Gehoorzaam daalde ik mee naar de 5e verdieping ('Directie en Raad van Bestuur'). Door de immense ruimte liep één grote, dikke, gele streep. Met links gewoon, efficiënt rechttoe-rechtaan meubilair en rechts 't meest luxueuze directiekamer-garnituur.
"Kijk", doceerde oom, "hier begint 't aardig te worden. Wie naar links loopt, gaat winst maken en wie rechts aanhoudt hééft winst gemaakt. Onder ons gezegd, we noemen dit de "managers-test". Links: het natuurlijk gezag. En rechts: de lieden die denken dat 't helpt als je zoveel mogelijk vierkante meters met goud beplant. En die indruk houd ik graag in stand, al moet er wel snel betaald worden, want je ziet ze vrijwel nooit meer terug."

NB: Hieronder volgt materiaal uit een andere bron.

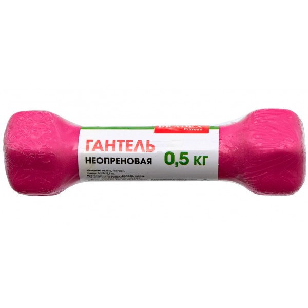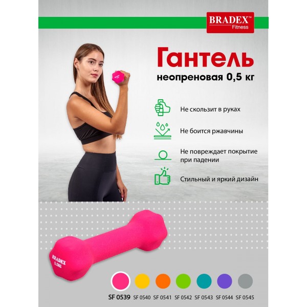 Гантель Bradex SF 0539 имеет неопреновое покрытие, которое бережет руки от мозолей, а поверхность пола от следов ударов в случае падения. Вес 0,5 кг.

De 4e etage ('Inspiratie') was een complete verrassing: overal gefronst kijkende lieden, die in afgescheiden ruimtes op bedden lagen, in makkelijke fauteuils hingen of aan ronde tafels heftig overleg voerden. Terwijl Elegische Melodieën van Edvard Hagerup Grieg hun, elders zo verminkte disco-oren, tot rust brachten.

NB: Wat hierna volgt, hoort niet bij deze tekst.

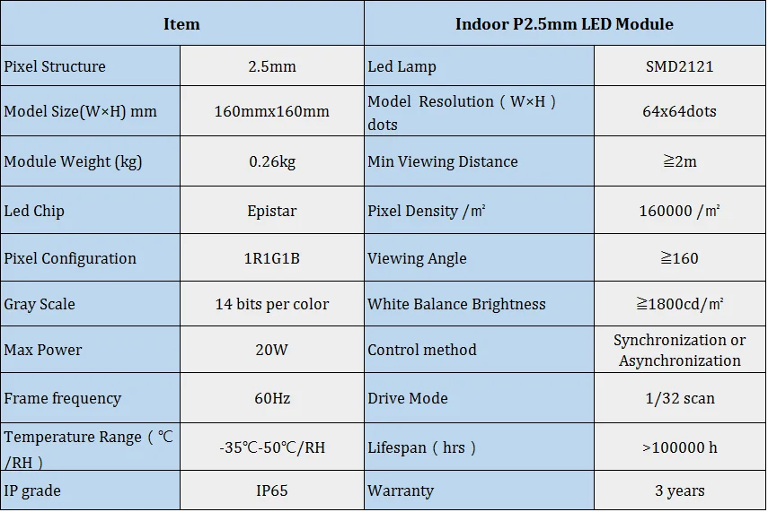 ▪ 1 шт. p2.5мм внутренний 160x160 мм светодиодный модуль ▪ 1 плоский ленточный кабель для передачи данных ▪ 1 шт. кабель питания (если вы покупаете N шт., мы поставим N/2 шт. кабель питания, потому что 1 шт. кабель питания поддерживает 2 модуля)

"Allemaal denktank-meubilair", legde oom voor zijn doen zachtjes uit. "'t Werkt niet, maar 't helpt wel. Net als de homeopathie. Deze jongens zijn allemaal slim genoeg om desnoods in de goot nog een goed idee te krijgen. Maar ze gelóven dat 't hier beter gaat... En dus gáát 't beter! Dit is allemaal creatief proefpersoneel. Gestuurd door hun directie. Als ze met één goed idee thuiskomen, is de koop gesloten.
"Maar als ze zonder idee weg gaan?" vroeg ik slim. "Dat gaan ze niet", riposteerde oom raadselachtig.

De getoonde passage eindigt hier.